I was lucky in many respects. Wirral was one of the first places to get the now axed Education Maintenance Allowance which helped me. I was supported by the now decimated Connexions service into completing my UCAS application. A former teacher wrote a reference for me. In today’s merry-go-round schools, they’d probably already have moved on. My university fees were waived due to my parent’s poverty. I even got one of the short-lived maintenance grants for poor kids to top up my loan. I went to university and achieved a few things. God knows what I would have done without all the things that helped me get there. Now all long gone, taken by a government that says it believes in social mobility.

Years later I got a job in a big grand old cultural institution. One that my parents would take me to as a child and mention the important work the clever people did there. Walking up the huge steps on my first day at work I was intimidated, surely the clever people would find me out? Remember boy, you’re worth less. You don’t get to work in a grand building. It’s not for you. Clever people pass their exams….

Being labelled as inadequate at a young age stays with you. With the wisdom of confidence and age of course, I know this to be bollocks. There are geniuses on building sites and idiots teaching in universities as anyone with any sense knows. To put it more eloquently than I could as a child wondering about the injustice of that swimming pool, the difference is nearly always money and privilege, not intelligence or ability.

The other tragedy though, is it’s not just about the children who are cut off from the monied schools by a single poxy exam. Some might say my parents should have pushed me harder, but no, they did the right thing. Supported me to find my way. Despite the desperate earnestness, game playing and spending of parents who understandably want their children to do well, plenty of the kids who ‘get in’ because of parental obsession often don’t have any particular academic ability and don’t always do well once at university. This is when many young people step off the treadmill of one hoop jump exam after another and, without a parent shoving them, realise they don’t really want to be there and drop out or drift aimlessly. I’ve known many people who hated their grammar school, they felt they didn’t really fit in, or felt crushed by parental expectations they could never fulfill. The traditionally academic, usually single sex and often monocultural grammars bear little resemblance to the outside world of work. Too many parents still haven’t yet grasped that Royal Insurance, ICI and Abbey National don’t have thousands of easy opportunities for graduates to be picked up from a ‘good’ university every year.

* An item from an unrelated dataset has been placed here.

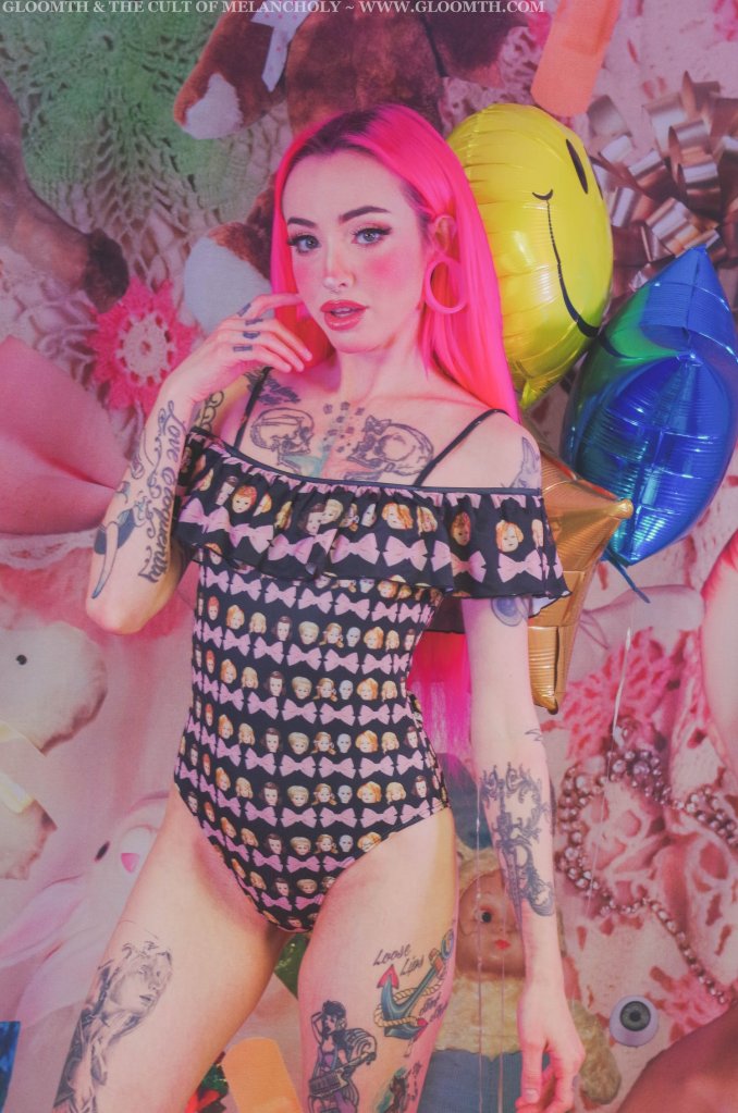 From kawaii and cute prints like doll parts and vintage toys, to goth-ier styles like our crucifix and moths prints! All the swimwear we offer is also available in sizes up to a 3X (and larger for some styles). It’s all made to order so be sure to get your order in long before your summer holiday. 🙂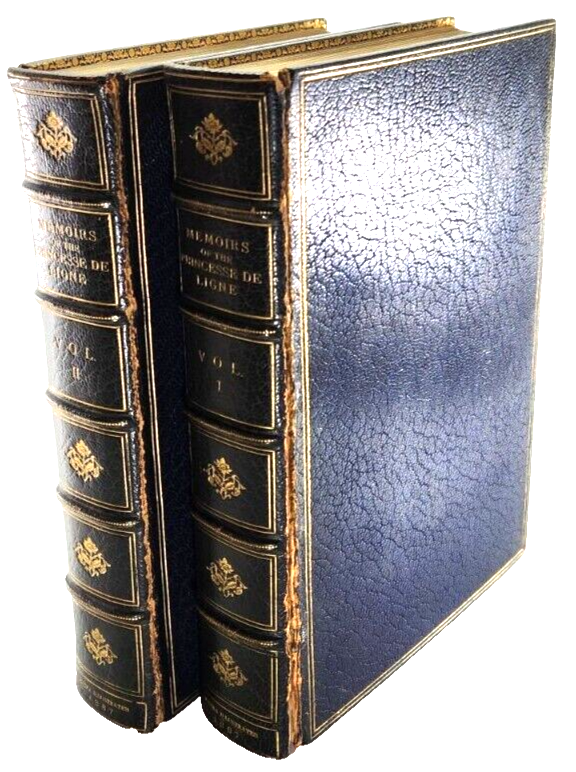 A. Parker's Books Offering antique books, vintage books, and rare books for over 43 years View our other listings: A.Parker's Books FIRST PRINTING, FIRST EDITION Memoirs of the Princesse de Ligne, Translated by Laura Ensor Perey, Lucien London: Richard Bentley & Son, 1887 Two volumes, 8v0. (5 3/4 by 8 1/4 inches). Blue full morrocco, five raised bands with gilt dentelles, titles, and decorations. Numerous b/w plates. Light toning to spine; splitting to hinge of volume 1; light foxing to edges of block. PH I4 JM 5/23 GVR

Yet we have this crass nostalgia from people who confuse the opportunities they were gifted having grown up in the biggest period of wealth redistribution in UK history, with having been down to going to a grammar school. Given most of my family have been tradespeople, I deplore the state of technical and craft education in this country. A product of decades of indifference. Yet you rarely see the children of the politicians and journalists who say a grammar system is ‘best for all’ down the local college learning how to repair motorcycles do you? Funny that.

These cretins are threatening the future of the UK’s children not just because of their nostalgia, but beneath that, a clear, ruthless ideological mission to build new bastions of privilege for their offspring while they let everything outside rot. Don’t believe for moment in the lip service paid to ‘places reserved for poor kids’. Just like all the promises about no university fees for deprived young people, as soon as they get the legislation over the line, they’ll all quietly be axed.

No school system is perfectly fair, but some are fairer than others. The universally discredited grammar system has no place in modern Britain. Far from new ones opening, the remaining ones should be cracked open.

If there’s a reason I went through a system pretty much designed to ensure my voice was not heard in the corridors of power, it was to be able to say this: a country which does this to its children in its education system, is a country that’s more concerned with maintaining the stinking illusion of privileged superiority than with its children’s futures. And what the hell kind of country is that?